*Dataset excerpts:*
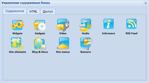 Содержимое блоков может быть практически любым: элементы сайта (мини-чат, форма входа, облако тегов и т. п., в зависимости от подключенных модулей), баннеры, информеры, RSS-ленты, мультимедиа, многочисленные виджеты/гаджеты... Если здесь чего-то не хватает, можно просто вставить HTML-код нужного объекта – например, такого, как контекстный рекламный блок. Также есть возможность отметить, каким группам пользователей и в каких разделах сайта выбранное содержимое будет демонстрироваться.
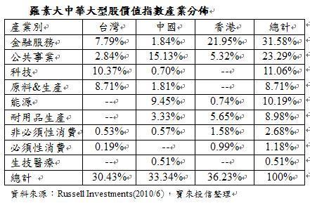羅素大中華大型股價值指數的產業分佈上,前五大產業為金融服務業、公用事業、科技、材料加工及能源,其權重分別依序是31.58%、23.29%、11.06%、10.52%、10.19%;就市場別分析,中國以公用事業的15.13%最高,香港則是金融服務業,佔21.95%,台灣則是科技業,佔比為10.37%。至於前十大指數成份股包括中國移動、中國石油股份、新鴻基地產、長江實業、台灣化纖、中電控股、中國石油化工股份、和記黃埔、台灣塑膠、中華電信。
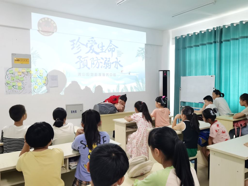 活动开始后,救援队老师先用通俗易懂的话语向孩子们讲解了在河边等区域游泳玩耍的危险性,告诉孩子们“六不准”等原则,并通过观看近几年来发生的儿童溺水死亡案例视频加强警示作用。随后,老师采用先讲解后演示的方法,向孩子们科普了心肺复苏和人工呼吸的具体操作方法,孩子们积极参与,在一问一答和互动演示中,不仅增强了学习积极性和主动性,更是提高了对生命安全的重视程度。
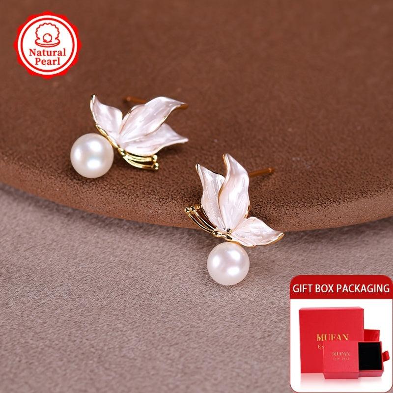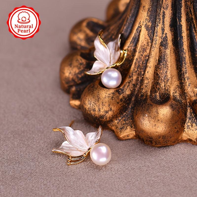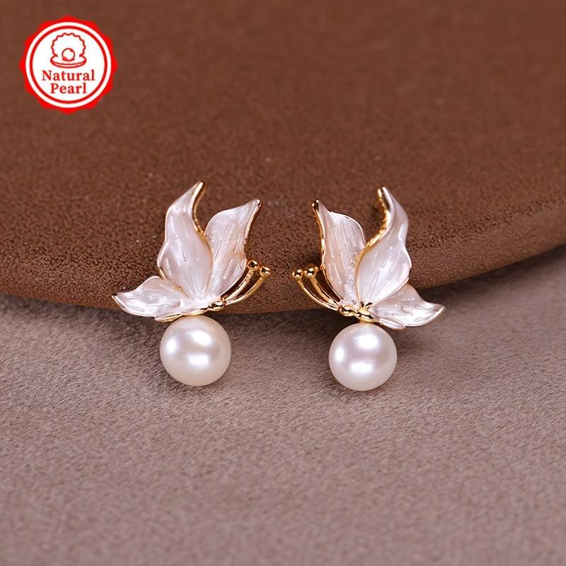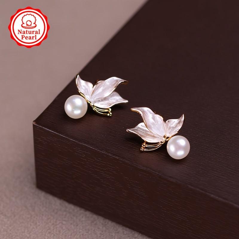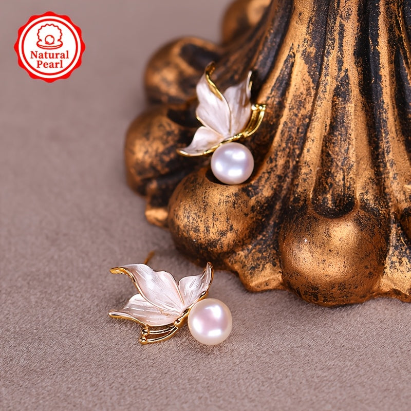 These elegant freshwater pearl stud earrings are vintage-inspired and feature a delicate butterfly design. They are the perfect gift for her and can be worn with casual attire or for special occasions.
--
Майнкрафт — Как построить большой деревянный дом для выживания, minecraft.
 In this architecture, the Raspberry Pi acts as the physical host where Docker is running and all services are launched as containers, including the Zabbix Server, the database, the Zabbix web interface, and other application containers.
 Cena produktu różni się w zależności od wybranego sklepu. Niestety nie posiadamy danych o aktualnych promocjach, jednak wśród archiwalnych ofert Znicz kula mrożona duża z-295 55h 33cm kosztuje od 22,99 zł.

*Work to be completed:* When you reach the line with "Содержимое блоков может" in the records above, begin repeating the lines exactly, and stop after the line with "These elegant freshwater". Skip all pictures.

*Result:*
 Содержимое блоков может быть практически любым: элементы сайта (мини-чат, форма входа, облако тегов и т. п., в зависимости от подключенных модулей), баннеры, информеры, RSS-ленты, мультимедиа, многочисленные виджеты/гаджеты... Если здесь чего-то не хватает, можно просто вставить HTML-код нужного объекта – например, такого, как контекстный рекламный блок. Также есть возможность отметить, каким группам пользователей и в каких разделах сайта выбранное содержимое будет демонстрироваться.
羅素大中華大型股價值指數的產業分佈上,前五大產業為金融服務業、公用事業、科技、材料加工及能源,其權重分別依序是31.58%、23.29%、11.06%、10.52%、10.19%;就市場別分析,中國以公用事業的15.13%最高,香港則是金融服務業,佔21.95%,台灣則是科技業,佔比為10.37%。至於前十大指數成份股包括中國移動、中國石油股份、新鴻基地產、長江實業、台灣化纖、中電控股、中國石油化工股份、和記黃埔、台灣塑膠、中華電信。
 活动开始后,救援队老师先用通俗易懂的话语向孩子们讲解了在河边等区域游泳玩耍的危险性,告诉孩子们“六不准”等原则,并通过观看近几年来发生的儿童溺水死亡案例视频加强警示作用。随后,老师采用先讲解后演示的方法,向孩子们科普了心肺复苏和人工呼吸的具体操作方法,孩子们积极参与,在一问一答和互动演示中,不仅增强了学习积极性和主动性,更是提高了对生命安全的重视程度。
 These elegant freshwater pearl stud earrings are vintage-inspired and feature a delicate butterfly design. They are the perfect gift for her and can be worn with casual attire or for special occasions.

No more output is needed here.